This repository supports the research presented in the paper:
ConExion: Concept Extraction with Large Language Models
Ebrahim Norouzi, Sven Hertling, Harald Sack (2025)
If you use this code or ideas from this work, please consider citing our paper (see below).
This project contains code and resources for extracting concepts using unsupervised methods and large language models (LLMs). It includes setup instructions, scripts for running the models, and a brief guide on how to get started.
To set up the environment, follow these steps:
- Create and activate the conda environment:
conda env create -f environment.yml conda activate conexion
- Install the required Python packages:
pip install -r requirements.txt
To run the provided scripts, use the following command:
nohup ./run_scripts.sh > logs/master_log.log 2>&1 &
Unsupervised keyword extraction methods rely on statistical and linguistic features of the text. These methods do not require labeled data. Common techniques include:
- TF-IDF: Weighs the importance of a term by comparing its frequency in a document to its frequency across all documents.
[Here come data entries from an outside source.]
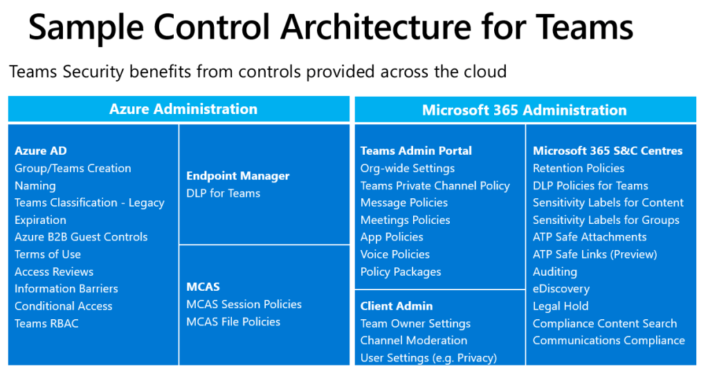 One of the things that I personally like about Microsoft Teams from an architect’s perspective is that the service leverages existing Microsoft 365 and Azure AD security capabilities. From an Admin’s perspective, the security features available for other Microsoft 365 services such as EXO and SPO are, when relevant, directly applicable to Teams.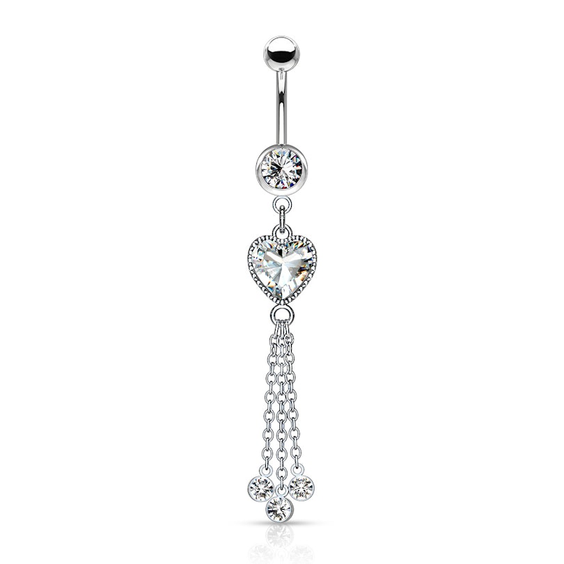Tämä tyylikäs napakoru on koristeltu monilla korukivillä. Kaareva barbelli on valmistettu kirurginteräksestä ja riipus messingistä, joka on pinnoitettu niin, että korun väri on yhtenäinen.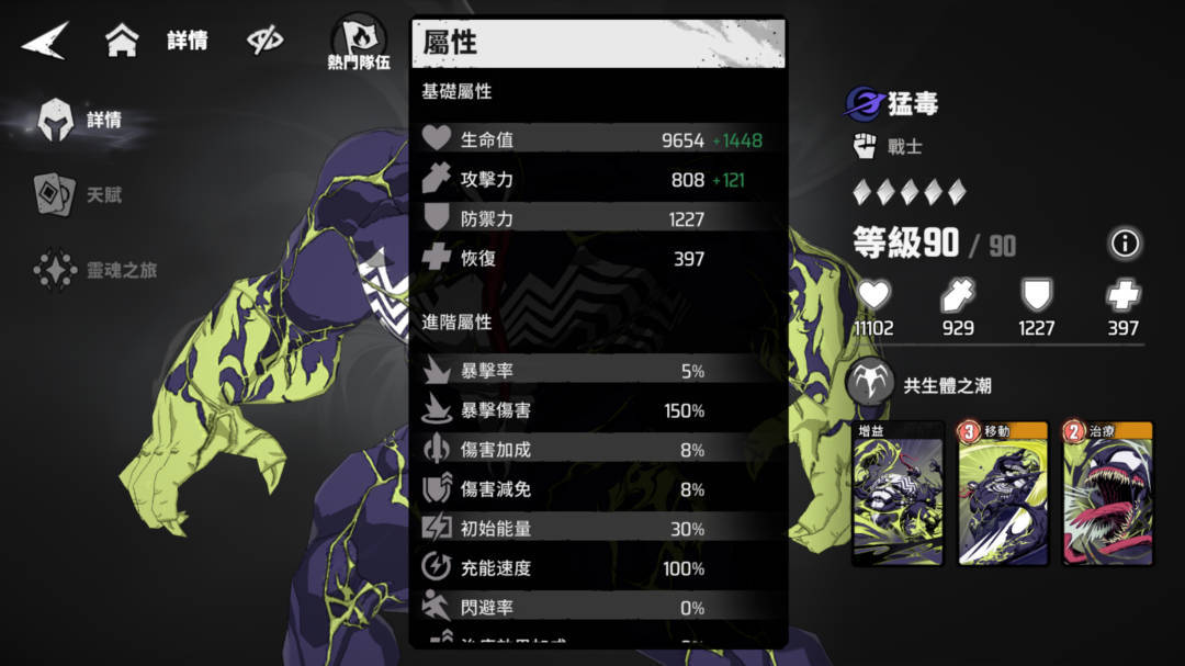 猛毒需要靠【心灵1】来突破共生体跟自己联动功能,这是优先点的,其次是【理智1】让3费战技也能对队友受益,增伤是70%并不低了。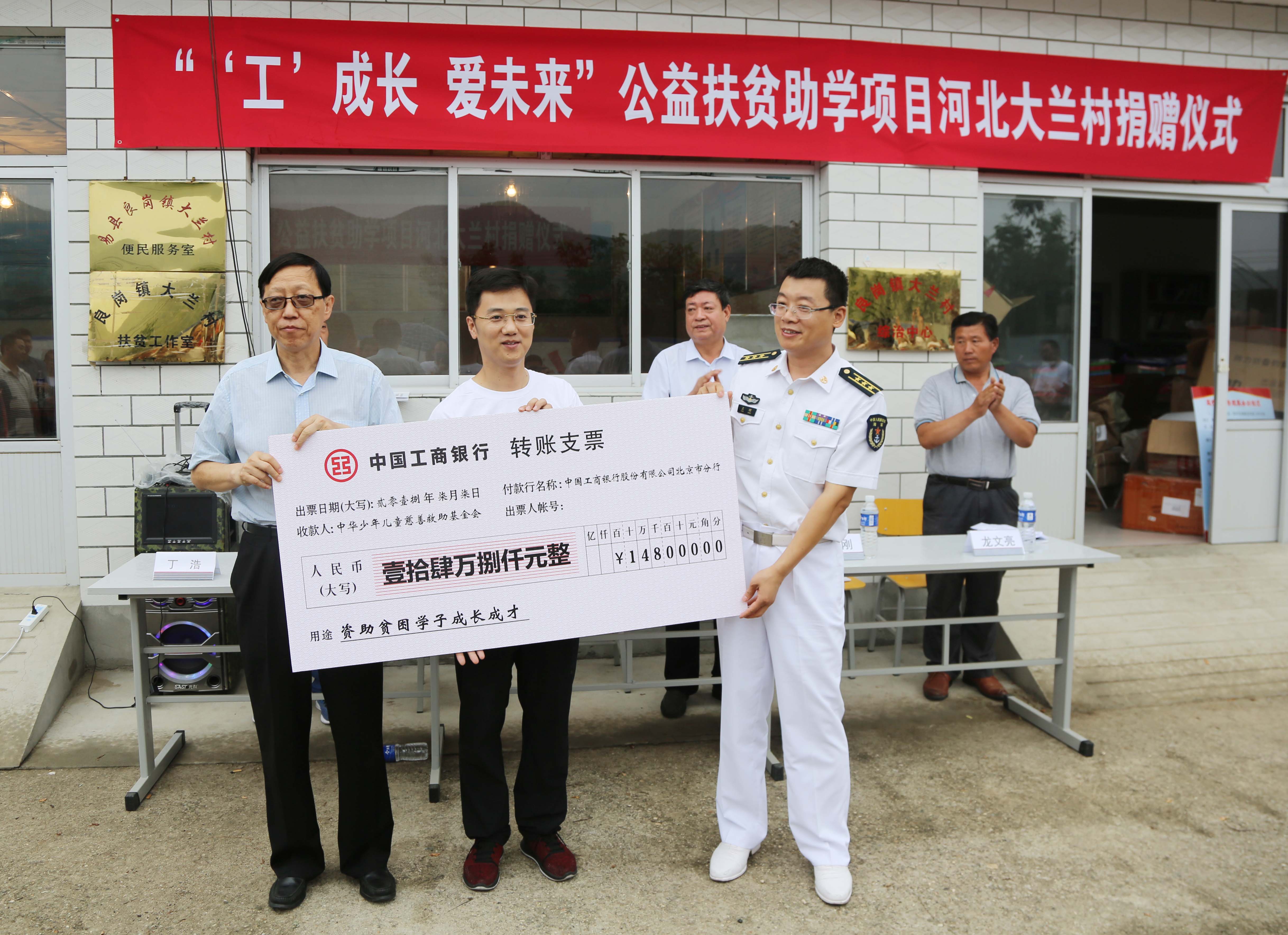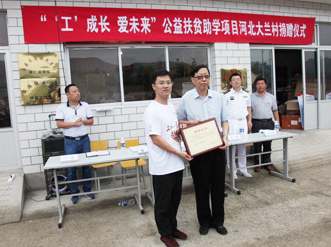 2018年7月7日上午,由中华少年儿童慈善救助基金会(以下简称:中华儿慈会)携手工商银行北京分行与海军政治工作部群工联络局联合主办,河北大兰村村支部承办的“工成长·爱未来”公益扶贫助学项目河北大兰村捐赠仪式在河北大兰村隆重举行。联合多方力量开展本次公益扶贫助学项目,旨在为河北大兰村的困境儿童的成长、教育等方面助力,一同守护他们健康快乐成长。

- TextRank: An algorithm inspired by PageRank, where words are nodes, and edges represent co-occurrence within a fixed window. Key phrases are identified by their importance in the network.
- LDA: A generative statistical model that identifies topics in a set of documents, which can then be used to extract relevant keywords.
Large language models can understand and generate human-like text. LLMs can be fine-tuned for concept extraction on specific datasets or used in zero-shot settings.
batch_submit.sh Script for submitting batch jobs
batch_test.sh Script for testing batch jobs
download_models.sh Script for downloading models
main.py Main script for running the concept extraction
requirements.txt Python package dependencies
run_fs_fixed_LLM-batch.sh Script for running fixed LLMs in batch mode
run_fs_fixed_LLM-job.sh Script for running fixed LLM jobs
run_fs_fixed_LLM-scripts.sh Script for running fixed LLM scripts
run_fs_fixed_LLM_all_datasets.sh Script for running fixed LLMs on all datasets
run_scripts.sh Main script for running all other scripts
run_zs_LLM_scripts.sh Script for running zero-shot LLM scripts
run_zs_fixedLLMscripts.sh Script for running zero-shot fixed LLM scripts
If you use this work in your research, please cite it as:
@misc{norouzi2025conexionconceptextractionlarge,
title = {ConExion: Concept Extraction with Large Language Models},
author = {Ebrahim Norouzi and Sven Hertling and Harald Sack},
year = {2025},
eprint = {2504.12915},
archivePrefix = {arXiv},
primaryClass = {cs.CL},
url = {https://arxiv.org/abs/2504.12915}
}
This project is licensed under the MIT License – see the LICENSE file for details.